I don't know the exact address, but google search "shuttercity". They have an automated depth of field calculator that gives depth of field and hyperfocal distance for any lens length at every Fstop on any format up to 11x14 I think. It also allows you to enter in focus distances and then will list every Fstop with its depth of field for every format. Of course every lens mfg will probably vary slightly but it will get you into the ball park. It provides a table that when printed provides an easy reference for the field.

something else to remember is that about a third of the area within the hyperfocal distance is in front of perfect focus and about two thirds are behind it (excepting focus at infinity).

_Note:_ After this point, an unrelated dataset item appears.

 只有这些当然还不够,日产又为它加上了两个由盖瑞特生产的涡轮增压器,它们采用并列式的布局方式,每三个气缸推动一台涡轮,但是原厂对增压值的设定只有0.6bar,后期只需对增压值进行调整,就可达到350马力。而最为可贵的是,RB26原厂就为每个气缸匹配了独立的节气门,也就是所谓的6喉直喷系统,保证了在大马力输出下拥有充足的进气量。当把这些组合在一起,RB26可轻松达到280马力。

Andrew, If you were confused before, I think we both are now! Whooee, I love photo making stuff! Charlie................................

Just focus your cameras and use your DOF preview you lazy bums! Just kidding of course!!! By the way, the 1/3 in front, 2/3 in the back will become very apparent very quickly, and is a very, very useful phenomenon to learn about and take into account. The first time you try to shoot three people in a row, lined up at a 45 deg angle to your plane of focus, you will really appreciate it! Peter.

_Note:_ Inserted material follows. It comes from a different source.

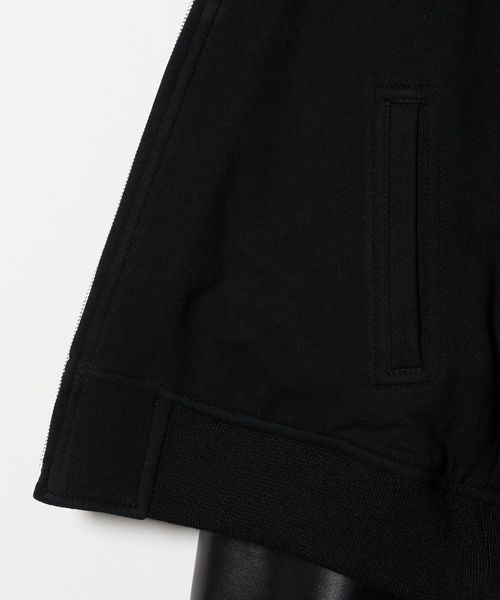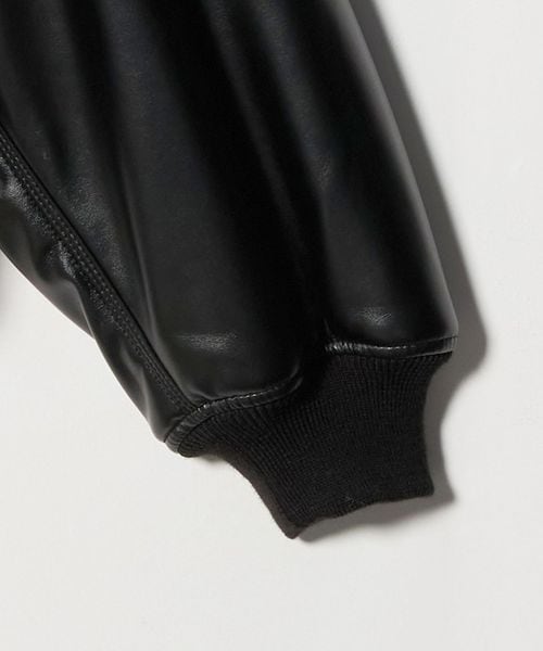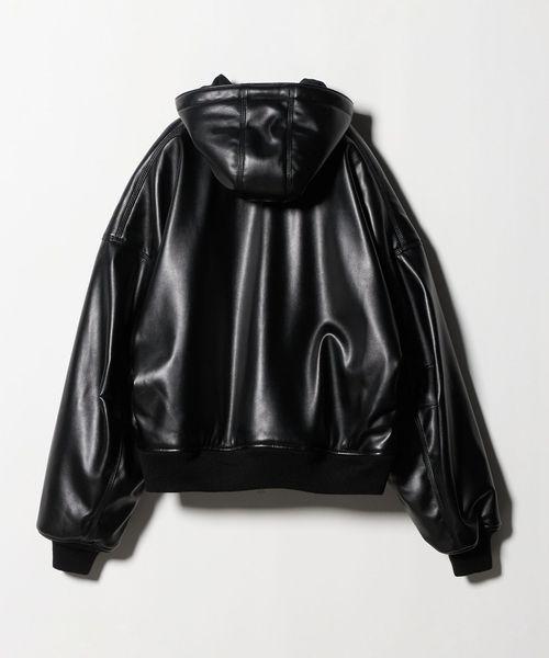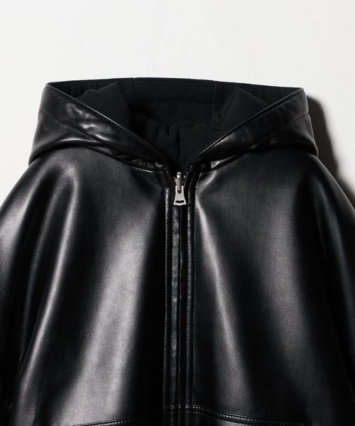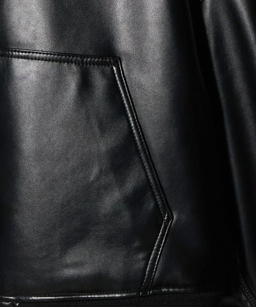 スウェットフーディのデザインをレザーライクな素材で表現したブルゾン。

An after thought, is any one else confused when attempting to apply the 1/3, 2/3 rule with some soft focus lenses? If you are unsure of what I am talking about, ask Jim Galli. Charlie.............................

Hi Folks. I didn't notice anyone referring to dofmaster.com. There one will find a very instructional software package that is Windows friendly, and which has tunable parameters for focal lengths, formats, circles of confusion, etc. The program puts a DOF calculator on the screen, sort of a circular slide rule. It can be changed, operated, and even printed out to make a field serviceable DOF calculator. This may be of interest to people who have cameras without DOF indications, or to students who want to understand DOF better. There is also a Palm Pilot variant on the same website. It is all available via FREE downloads.

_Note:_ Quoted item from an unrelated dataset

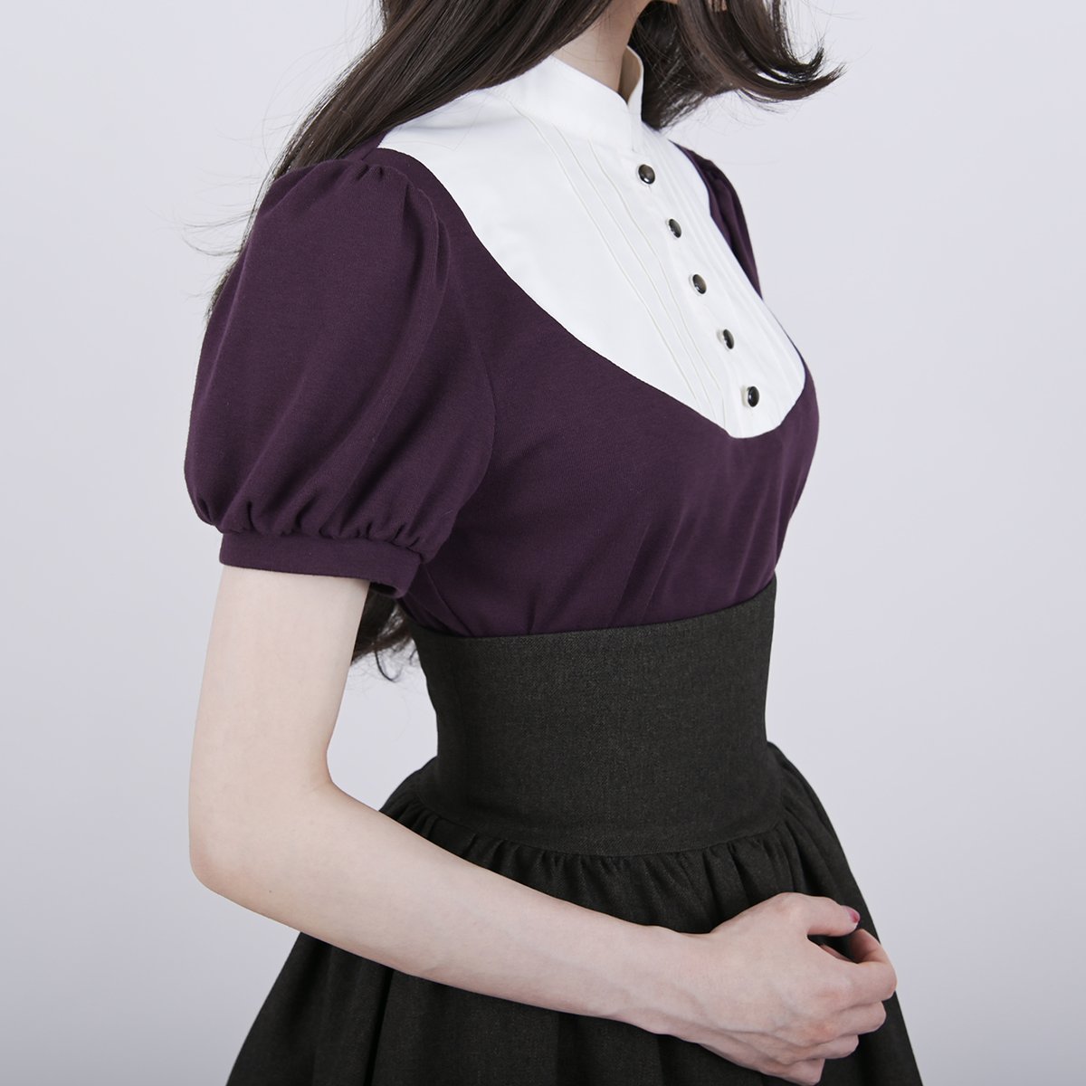 襟元はシンプルなスタンドカラーにすることで大人っぽく上品な印象に仕上がりました。

I made a set of discs for my LF lenses a couple of years ago using this software but forgot where I go it from - thanks for reminding me! Works very well. Cheers, Bob.

In landscape photography, hyperfocal distance can be effectively doubled using a simple trick... If you require everything in focus from infinity to as close as possible, set the aperture as small as possible (f16 for expample). Rotate the focus so that the infinity mark is opposite the f16 hyperfocal distance mark on the lens (if you've got these markings on the lens). 'In theory' the hyperfocal distance will then be from the one f16 hyperfocal distance mark to the other one. The image may look blurred in the viewfinder. You can double check whether the setting will work if you've got a depth of field preview button on the camera. As others have already said, the hyperfocal markings on the lens are a bit optamistic, so allow a bit of a 'fudge factor' if you intend to blow the image up to any reasonable size. The lens manufacturers definition of 'acceptable focus' is similar to the legal term 'reasonable length of time'. My Voigtlander 25mm lens has click stops on the focussing ring. If I click the lens to the 3m setting and shut the lens down to f11, there's virtually no need to focus the lens as everything will be in focus from infinity to about 2m. This 'trick' is often employed in point & shoot and single use cameras. The lens is permanently focussed at a distance less than infinity and a small aperture is used to get as much into focus as possible.